CIW is committed to pursuing multi-disciplinary research that draws on the best traditions of both the humanities and social sciences, and that engages with the policy-making community of bureaucrats, diplomats and politicians who sit on our doorstep in Canberra. The Centre is also committed to sharing the diversity of China-related scholarship at the ANU with the broader public, nationally and internationally.

Between 2011 and 2017, CIW operated as a stand-alone research centre within the ANU. In 2017, a number of staff movements in ANU’s Chinese Studies community led the University’s Vice-Chancellor, Professor Brian Schmidt, to propose an External Review, focusing primarily on CIW but encompassing all of the China-related research and teaching in the university’s seven colleges.

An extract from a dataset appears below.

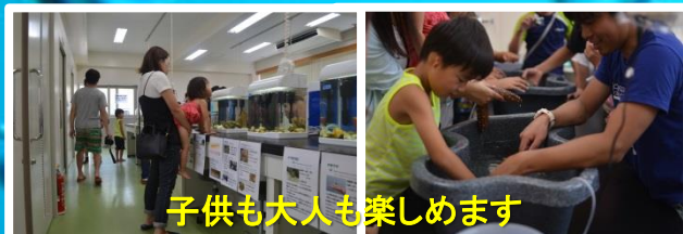
子供も大人も楽しめます

開催時間：午前 9時～午後 17時まで(ただし、3日は15時まで) 新型コロナウイルス等の状況により、中止とする場合もあります。ご了承ください。

The Review called for CIW to ‘reimagine’ its role as ANU’s China hub, fostering cross-campus, national and international research collaborations that are organically linked to the intellectual agendas of scholars across the university.

This reimagining is well underway and, in combination with the generous support committed by the Vice-Chancellor for four new appointments, will ensure that the ANU’s world-class reputation for Chinese Studies is sustained in the decades ahead.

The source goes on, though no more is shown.